Angesichts des jahrzehntelang von keiner Polizei behinderten Handels pakistanischer Banden mit englischen Mädchen, den regelmäßig brennenden französischen Vorstädten und der absurden Exzesse amerikanischer social justice warriors, dürften jedoch alle auf deutsche Besonderheiten verweisenden Erklärungen der multikulturellen Ideologie schwer haltbar sein. Damit ist es freilich auch nicht möglich, sich durch den Verweis auf ein angebliches geschichtliches Verhängnis von der eigenen Handlungsverantwortung loszusprechen.
Die eigentlichen Probleme
Sehr sinnvoll ist hingegen Sieferles Einordnung des Migrationsproblems in die geschichtlichen Horizonte unserer Zeit. Angesichts seiner langjährigen Beschäftigung mit dem Thema ist es nicht verwunderlich, daß er hier vor allem an die unbewältigten energiewirtschaftlichen Fragen unserer industriellen Zivilisation denkt.
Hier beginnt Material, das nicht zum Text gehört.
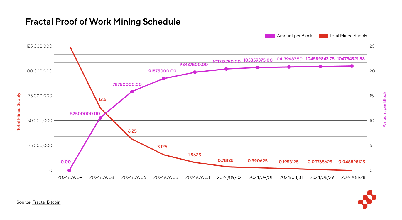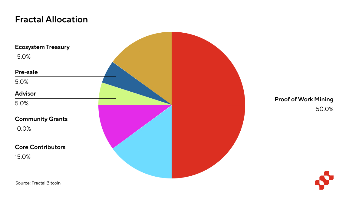 Proof of Work Mining (50%): Half of the total token supply is allocated to Proof of Work (PoW) mining. This significant allocation aligns Fractal closely with Bitcoin's security model, ensuring network security and reliable block production.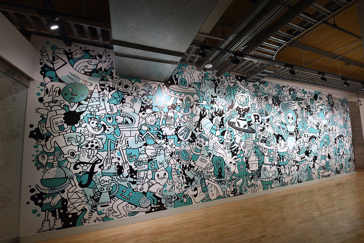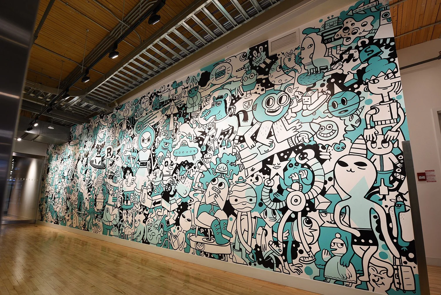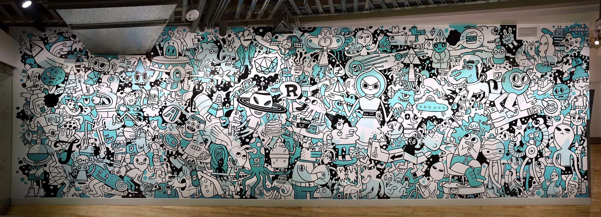 We got to change up our normal colour palette and switch over to a lovely, cool blue-green for this mural at StackAdapt in Toronto. These guys are as cool as their company's colours and, lucky for us, they're art lovers that had a large, blank 28' x 8' (8.5m x 2.5m) wall that needed painting.

Die gegenwärtige Wirtschaftsweise zerstöre rasch die eigenen Grundlagen und eine neue Nachhaltigkeit sei nur durch massive technologische Durchbrüche – und keineswegs durch Nullwachstum – möglich.
Ob ein islamisiertes oder afrikanisiertes Europa zu dieser tatsächlichen Menschheitsaufgabe seinen Beitrag wird leisten können, sei doch mehr als fraglich. Mit dieser Einordnung zeigt Sieferle das Migrationsproblem als das auf, was es letztlich ist: Ein neuer Barbarensturm, den wir angesichts drängendster anderer Probleme derzeit brauchen können wie einen Kopfschuß.
Rolf Peter Sieferle: Das Migrationsproblem. Über die Unvereinbarkeit von Sozialstaat und Masseneinwanderung. Die Werkreihe von TUMULT#01. Hg. von Frank Böckelmann. 136 Seiten.